## WHAT THE TASK ASKS
Beginning at the line that contains "Cô dâu Lê Thúy", transcribe the remaining lines of the listing exactly; include the final line and omit everything before.

## EXERCISE MATERIAL
****************

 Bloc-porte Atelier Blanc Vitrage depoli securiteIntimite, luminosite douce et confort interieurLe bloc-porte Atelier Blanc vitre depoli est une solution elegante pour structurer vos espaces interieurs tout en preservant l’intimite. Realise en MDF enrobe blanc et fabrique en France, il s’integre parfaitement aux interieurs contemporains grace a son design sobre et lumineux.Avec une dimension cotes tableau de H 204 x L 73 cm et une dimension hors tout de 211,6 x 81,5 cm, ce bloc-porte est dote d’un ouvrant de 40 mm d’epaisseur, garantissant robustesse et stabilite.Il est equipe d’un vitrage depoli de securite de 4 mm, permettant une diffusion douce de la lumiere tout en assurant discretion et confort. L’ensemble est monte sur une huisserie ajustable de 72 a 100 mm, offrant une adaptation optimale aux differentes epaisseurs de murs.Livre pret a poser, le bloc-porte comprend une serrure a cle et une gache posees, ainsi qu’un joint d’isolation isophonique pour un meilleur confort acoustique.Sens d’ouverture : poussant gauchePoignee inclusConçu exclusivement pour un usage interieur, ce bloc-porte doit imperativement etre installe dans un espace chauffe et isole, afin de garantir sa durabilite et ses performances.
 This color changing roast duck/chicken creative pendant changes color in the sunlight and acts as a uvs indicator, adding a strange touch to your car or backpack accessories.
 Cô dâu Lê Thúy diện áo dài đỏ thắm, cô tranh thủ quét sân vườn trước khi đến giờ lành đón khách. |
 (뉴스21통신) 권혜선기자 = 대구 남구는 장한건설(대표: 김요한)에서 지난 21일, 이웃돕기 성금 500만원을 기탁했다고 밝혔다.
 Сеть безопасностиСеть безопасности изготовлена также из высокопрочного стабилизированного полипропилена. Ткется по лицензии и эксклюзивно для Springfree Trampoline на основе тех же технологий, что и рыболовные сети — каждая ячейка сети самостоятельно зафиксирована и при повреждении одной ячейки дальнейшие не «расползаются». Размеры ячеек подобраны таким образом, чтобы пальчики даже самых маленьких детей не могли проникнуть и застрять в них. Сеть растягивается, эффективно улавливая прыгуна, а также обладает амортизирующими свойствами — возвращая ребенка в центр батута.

****************

## RESPONSE
 Cô dâu Lê Thúy diện áo dài đỏ thắm, cô tranh thủ quét sân vườn trước khi đến giờ lành đón khách. |
 (뉴스21통신) 권혜선기자 = 대구 남구는 장한건설(대표: 김요한)에서 지난 21일, 이웃돕기 성금 500만원을 기탁했다고 밝혔다.
 Сеть безопасностиСеть безопасности изготовлена также из высокопрочного стабилизированного полипропилена. Ткется по лицензии и эксклюзивно для Springfree Trampoline на основе тех же технологий, что и рыболовные сети — каждая ячейка сети самостоятельно зафиксирована и при повреждении одной ячейки дальнейшие не «расползаются». Размеры ячеек подобраны таким образом, чтобы пальчики даже самых маленьких детей не могли проникнуть и застрять в них. Сеть растягивается, эффективно улавливая прыгуна, а также обладает амортизирующими свойствами — возвращая ребенка в центр батута.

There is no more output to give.